For an Asian-fusion cuisine catering chef and USAF veteran, food is her love language


“Not a lot of people realize that rice paper comes dry and all you do is rehydrate it to soften it,” says Pin Minyvong of Pins Kytchen in Warren. She’s describing one step in the process of making Nime Chow, also known as spring rolls – the clear-wrapped veggie-filled delicacy she’s become known for. “We used to roll them fresh at farmers markets. It was like a show – customers would see us taking the rice paper, dipping it in water, airing it out a little bit, and putting the toppings inside. That’s absolutely my favorite thing to make because it really sparks an interest and conversation.”

Like many small food business owners, Pin Minyvong’s journey from home cook to catering chef began with Instagram. Documenting her fitness journey in 2014, she started devising low-carb Asian-inspired recipes and posting them on her page, piquing the interest of many followers and friends who started requesting meal prep dishes. “When I got to 100 meals I was prepping in one day for a week, that’s when I realized, I need to get into a commercial space because this is going somewhere,” she says. 

Unlike other chefs launching a business, though, Minyvong’s meal prep service (then called Minymeals) sometimes has to come second to her military career. When she was deployed during the holidays in 2020 to Kuwait, instead of cooking from a commercial kitchen space at Hope & Main in Warren, she relied on rice papers sent from home – and veggies and meats from the DFAC – to make spring rolls for friends. She had the idea to give Rhode Island food businesses some international exposure while also making care packages for the troops, so she called Hope & Main founder and president Lisa Raiola. “When you ask Lisa to do anything, she will do about 20 times what you ask her,” says Minyvong with a laugh.
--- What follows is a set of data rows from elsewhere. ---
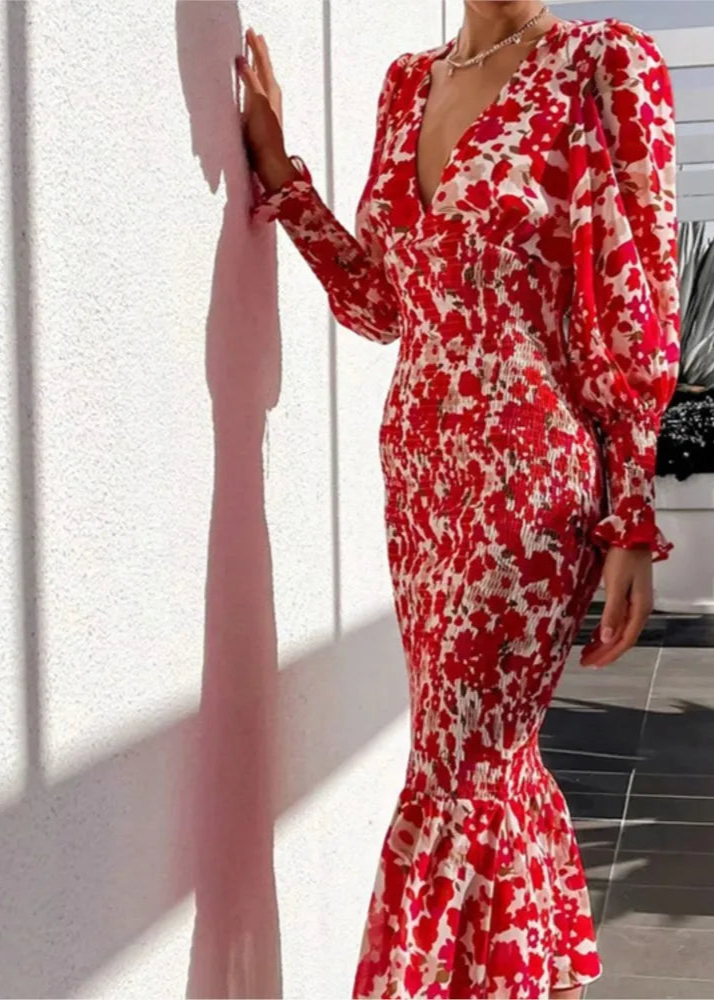 אנדרה | שמלת מקסי בוהמית שיק – אלגנטיות אדומה ורוח רומנטית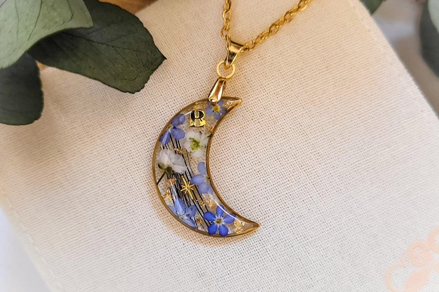 Bijoux en résine et fleurs séchées avec souvenirs de vos animaux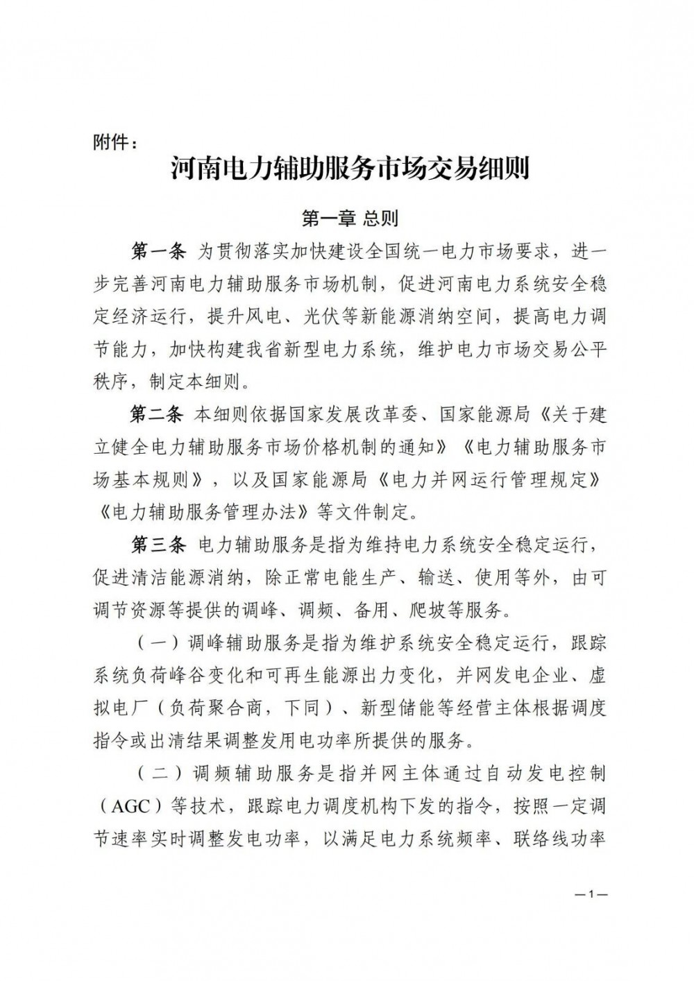 《河南電力輔助服務市場交易細則》:多能互補儲能不轉獨立!實時調峰300-377.9元/MWh!2025-08-04 17:12瀏覽數:197次

Dubbed Operation RI Made, the initiative brought in not one but 40 boxes of local goods.

The time overseas also gave Minyvong pause to reassess the trajectory of her business and strike a work-life balance. “I wanted to be home with family more,” she recalls. “I have a
nine-year-old daughter and she doesn’t know anything else except myself and her father in the military, so she’s always used to one parent being there and one parent not being there.”

In its early years, Minymeals kept Minyvong busy doing farmers market pop-ups, meal prep, and events. The recent iteration, Pins Kytchen, is more streamlined and specializes in innovative Asian-fusion cuisine. “We call ourselves a boutique caterer,” says Minyvong. “We can’t take all the jobs we get.” 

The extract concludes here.